Dictionnaire des proverbes (Quitard)/esclave

esclave. — Être esclave de sa parole.

Chez les Germains et chez les Francs, les guerriers qui se piquaient d’une valeur à toute épreuve, avaient l’habitude de s’attacher une chaîne de fer autour d’un bras ou autour des flancs, et juraient solennellement de ne la déposer qu’après avoir accompli quelque fait d’armes extraordinaire, voulant prouver ainsi qu’ils étaient capables de pousser l’héroïsme au point d’aliéner le plus précieux de leurs biens, la liberté, afin de la racheter par un triomphe digne d’elle[1]. À leur imitation, les chevaliers et les pèlerins du moyen âge adoptèrent cet emblème de la servitude, comme le signe spécial des emprises, c’est-à-dire des entreprises qu’une promesse irrévocable les obligeait d’exécuter. En voici un exemple remarquable : Jean de Bourbon, duc de Bourbonnais, jaloux de fuir l’oisiveté, d’acquérir de la gloire et de mériter la bonne grâce de sa dame, rassembla dans son palais, en 1414, seize chevaliers et écuyers de nom et d’armes qui, animés des mêmes sentiments, firent vœu avec lui, devant les autels, de porter tous les dimanches, la jambe gauche, un anneau de prisonnier en or pour les chevaliers, et en argent pour les écuyers, jusqu’à ce qu’ils eussent trouvé à combattre contre un nombre égal de chevaliers et d’écuyers anglais. L’expression Être esclave de sa parole est probablement un reste de cet usage qu’on retrouve chez presque tous les peuples, même chez les sauvages, qui entourent leur nez de petites plaques de métal, pour se souvenir des engagements qu’ils ont pris. Il se peut aussi qu’elle soit venue d’un usage semblable observé à l’égard des débiteurs, qui devenaient esclaves lorsqu’ils n’acquittaient pas leurs dettes selon la parole qu’ils avaient donnée, comme l’atteste le passage suivant des Assises de Jérusalem (ch. 119) : « Si aucun autre que chevalier doit dète…., il doit estre livré à celui à qui il doit ladite dète ; et il le peut tenir comme son esclaf, tant que il ou aultre pour lui ait paié ou faict son gré de ladite dète, et il le doit tenir sans fer, mais que un anneau de fer au bras pour reconnoissance que il est à pooir d’autrui pour dète. »

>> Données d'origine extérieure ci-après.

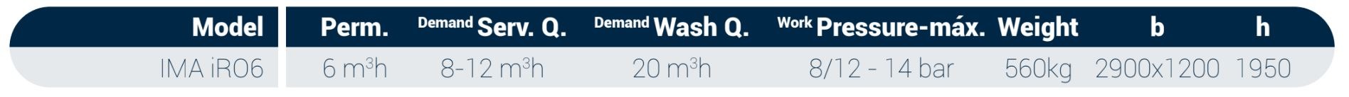 Standard features of the IMA iRO 6 m3/h systems:
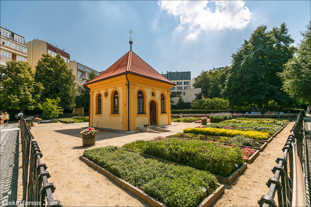 46. Францисканский сад был заложен еще в средние века при монастыре кармелитов. Затем в 1604 году он стал принадлежать ордену францисканцев. В этом саду монахи выращивали фрукты, овощи и травы для собственных нужд. Весь сад построен в стиле раннего барокко. В самом центре сада вы найдете беседку, которая когда-то была часовней. Вокруг беседки растут грядки с ароматическими травами. Тут же расположен храм Девы Марии, который заложил Карл IV в честь своей коронации.
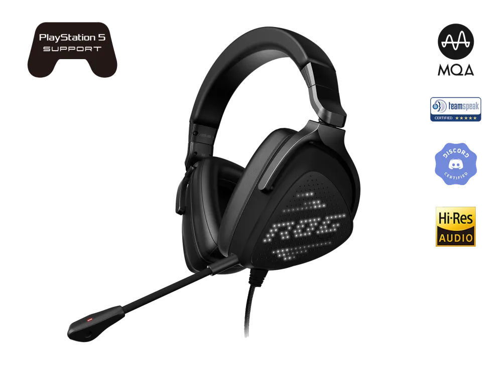 gaming headset with customizable AniMe Matrix™ display, hi-fi ESS 9281 Quad DAC™, MQA, AI Noise-Canceling Mic, compatible with PCs, PlayStation
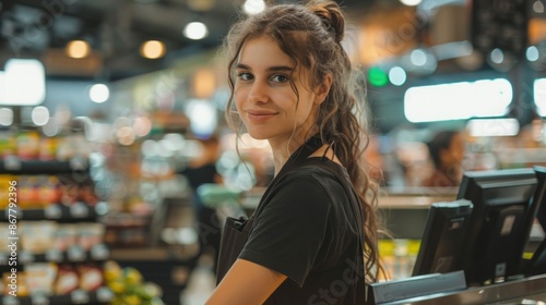 young, woman, female, cashier, supermarket, grocery, store, working, counter, filed, smile, happy, tied-up, client, service, checkout, retail, employee, business, shopping, food, product, aisle, shelf, cash, payment, transaction, men at work, line, industry, uniform, job, clerk, desk

Quelques auteurs ont fait dériver l’expression Être esclave de sa parole de ce que, chez les Gaulois, le débiteur insolvable allait trouver son créancier, lui présentait une paire de ciseaux, et devenait son esclave en se laissant couper les cheveux.

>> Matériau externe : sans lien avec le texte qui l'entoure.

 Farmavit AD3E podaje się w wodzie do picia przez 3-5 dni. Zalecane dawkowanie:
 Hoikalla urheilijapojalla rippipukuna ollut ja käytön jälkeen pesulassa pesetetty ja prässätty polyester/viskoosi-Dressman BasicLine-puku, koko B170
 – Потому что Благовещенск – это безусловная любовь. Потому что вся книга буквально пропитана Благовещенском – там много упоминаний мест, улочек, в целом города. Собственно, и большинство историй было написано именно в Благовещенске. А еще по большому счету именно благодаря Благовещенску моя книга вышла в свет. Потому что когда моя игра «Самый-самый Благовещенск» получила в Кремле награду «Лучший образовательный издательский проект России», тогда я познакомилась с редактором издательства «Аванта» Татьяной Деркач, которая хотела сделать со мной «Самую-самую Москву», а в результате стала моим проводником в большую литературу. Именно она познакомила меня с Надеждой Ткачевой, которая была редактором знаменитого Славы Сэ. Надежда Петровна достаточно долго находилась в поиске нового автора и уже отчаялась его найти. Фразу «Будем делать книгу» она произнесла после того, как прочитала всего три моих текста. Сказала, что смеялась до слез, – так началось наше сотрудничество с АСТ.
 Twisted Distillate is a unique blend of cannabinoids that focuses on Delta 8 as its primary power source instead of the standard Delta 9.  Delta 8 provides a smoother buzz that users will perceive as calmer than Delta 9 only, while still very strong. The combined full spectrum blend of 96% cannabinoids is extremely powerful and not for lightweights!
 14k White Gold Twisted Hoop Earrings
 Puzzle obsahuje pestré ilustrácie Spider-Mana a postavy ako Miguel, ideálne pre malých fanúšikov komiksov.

Le mot esclave a aussi une origine historique. Il est formé de sclavus, sclave, esclavon ou slave, nom d’un peuple originaire de la Scythie, parce que beaucoup de Slaves faits prisonniers, soit à l’époque de leur établissement sur les côtes de l’Adriatique, soit à l’époque de leur irruption sur les frontières françaises, sous le règne de Dagobert, furent vendus comme serfs dans les principaux marchés de l’Italie et de la France[2]. Ce mot doit être ajouté à la liste de ceux qui ont dégénéré ; car dans la langue d’où il a été tiré il signifie illustre, glorieux.

  1. Les guerriers macédoniens portaient une ceinture de cuir, qu’ils ne devaient quitter qu’après avoir tué un ennemi ; alors seulement ils devenaient de vrais guerrière, des hommes libres.
  2. L’usage barbare de vendre les prisonniers faits à la guerre n’était pas encore tout à fait aboli au dix-septième siècle. M. de Chateaubriand a remarqué que dans les guerres des Anglais contre Charles Ier, pour la liberté des hommes, on vit ces fameux niveleurs vendre comme esclaves les royalistes pris sur le champ de bataille.